Pitch was saved from replying by a blow to the small of his back. He loosened a string of bitter curses against the culprit whilst wondering how the fuck the soothsayer, who was generally utterly useless, had nailed this particular foresight.

The onslaught settled. The sprinkle of dust and finer stones around them no longer seemed intent on breaking their bones. Rather, it was just immensely irritating to the nose, and getting his hair remotely clean after this would be a whole new nightmare.

Charlie slipped free, managing to tread on Pitch’s bare toes in the process.

‘Oh Christ,’ he hissed.

‘Quickly,’ Charlie yelled ‘With the two of us, we might get this open. I couldn’t do it alone.’ The lad crashed onto his knees and put all his paltry effort into pushing at the lid of the coffin, his youthful face wrinkled by his efforts. ‘Tobias, help me, will you? Don’t just stand there. I think you’re probably a lot stronger than me.’

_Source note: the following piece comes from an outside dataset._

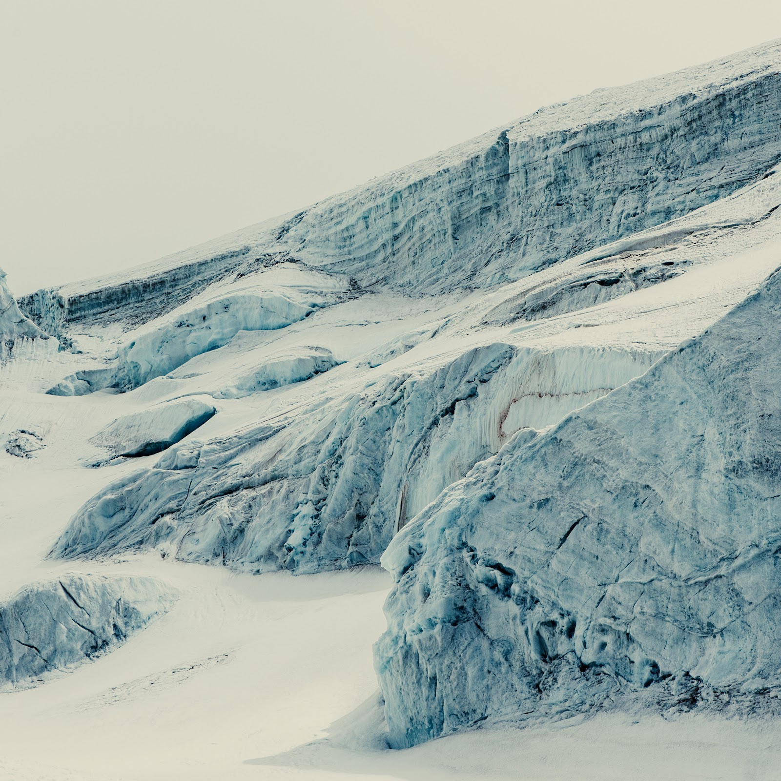 The massive glacier ice wall stands steeply above a field of snow, showing deep blue textures in a cold environment.
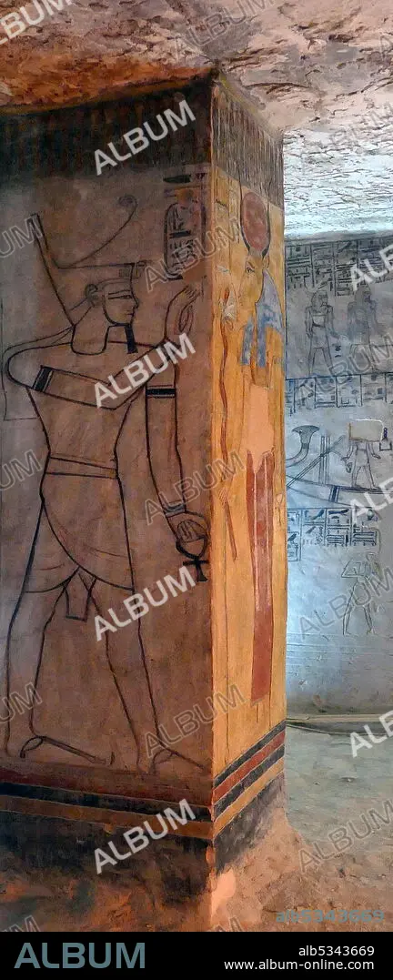 Caption: Tomb KV14 is a joint tomb, used originally by Twosret and then reused and extended by Setnakhte. Located in the main body of the Valley of the Kings, it has two burial chambers. Twosret (Tawosret, Tausret, d. 1189 BC) was the last known ruler and the final Pharaoh of the Nineteenth Dynasty of Egypt. she (Twosret), became first regent to Seti's heir Siptah jointly with Chancellor Bay,.

‘What the blazes do you mean probably?’ Pitch spat. ‘Stop that before you burst a lung.’ He dug his fingers into the narrow gap between base and lid. ‘Move back.’

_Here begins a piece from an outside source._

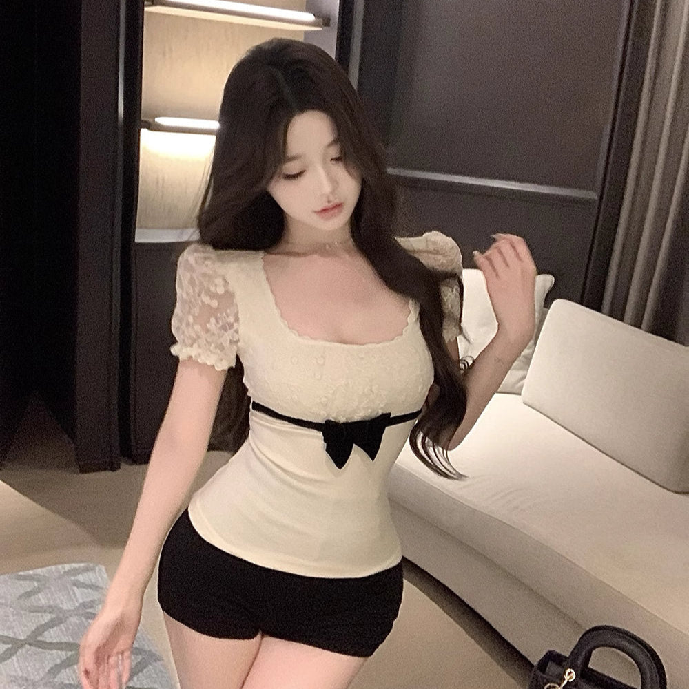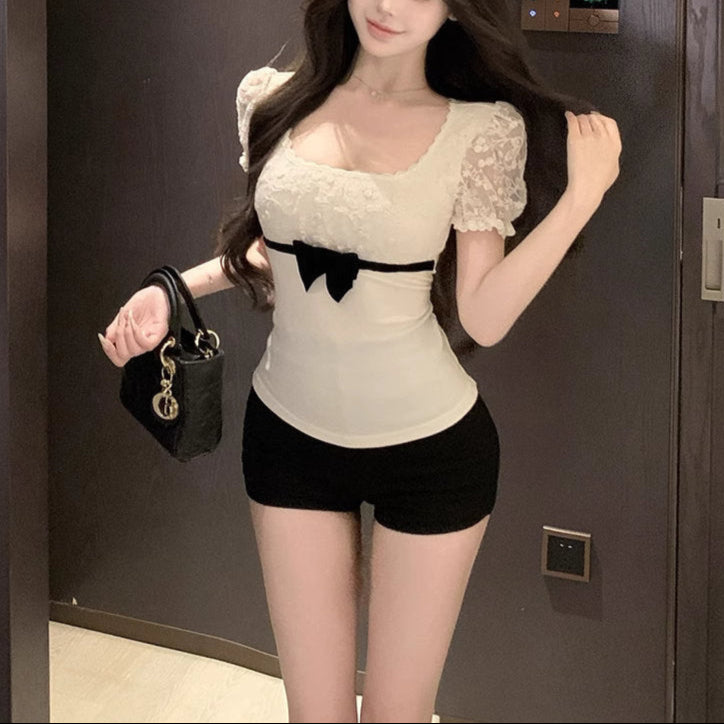 肩に繊細なレースと、ウエストにきゅっと結ばれたリボンが印象的な、

It was not so easy a task as he’d hoped; the lid was astonishingly heavy. Pitch allowed a modicum of his flame to lurk beneath the surface of his hands, but he’d not be able to keep it there long. Even that slight whisper of fire bullied his control. The unsettled beast awakened the moment it felt him draw on his strength, no amuletum to stifle it.

Gritting his teeth, Pitch hauled up, sparking a quick flare of flame, extinguishing it the moment the lid flipped over on itself and fell with a thud alongside the body of the coffin. His forearm roared with unmitigated pain as though he’d been struck by the very scythe itself.

‘Enoch’s fucking taint.’ Pitch went to his knees, clutching at his arm.

‘What is it? The fire? You were on fire…’ Charlie hovered in the clumsy way of the useless. ‘Tobias…are you wounded?’

Of course he was fucking wounded. He’d barely spent a moment of his existence not suffering from one injury or another.

Blood flowed between the fingers he had pressed to his arm. The cut he’d made to seal in the watch was splitting open. The sense of something with pincers beneath his skin was truly horrific.

The halo’s scars joined the fray. They blazed so fiercely he’d have thought he was actually on fire. Pitch doubled over, Charlie’s cries ringing in his ears. Gods, it was too much. His lungs were scorched dry of air; he was certain his skin was falling from his bones with the heat.

Give the prophet the relic.

Seraphiel’s voice roared with the flames. Brutal and blunt and as commanding as he’d ever been in life. Bending Pitch lower, his forehead near to his knees, his bleeding arm saturating his trousers. Gods, he was so fucking tired of bleeding.

Give the prophet the relic.

Pitch breathed through gritted teeth. The watch’s pin slicing him open. Reminding him how little choice he had in all this.

A relic? The purebreds had such things. Bones of their dead saints. But it was a name that could be given to any object that survived from the past.

‘Tobias, please.’ Charlie’s desperation surrounded him. ‘I don’t know what to do. How do I help you?’

Pitch didn’t waste time with a pointless reply. The purebred could do nothing to help him. He lifted a scarlet-gloved hand from the watch’s hiding place, and before he thought too much about it, he dug a finger into the sliced-open portion of his skin. Pitch exhaled long and steady and gouged the tear wider, dragging his finger through his own flesh until the hole was wide enough that he could squeeze two fingers into it. Carmine droplets gathered at his elbow, dripping to soak into the crushed rowan berries beneath him.

Charlie whimpered, but to his credit, he did not look away.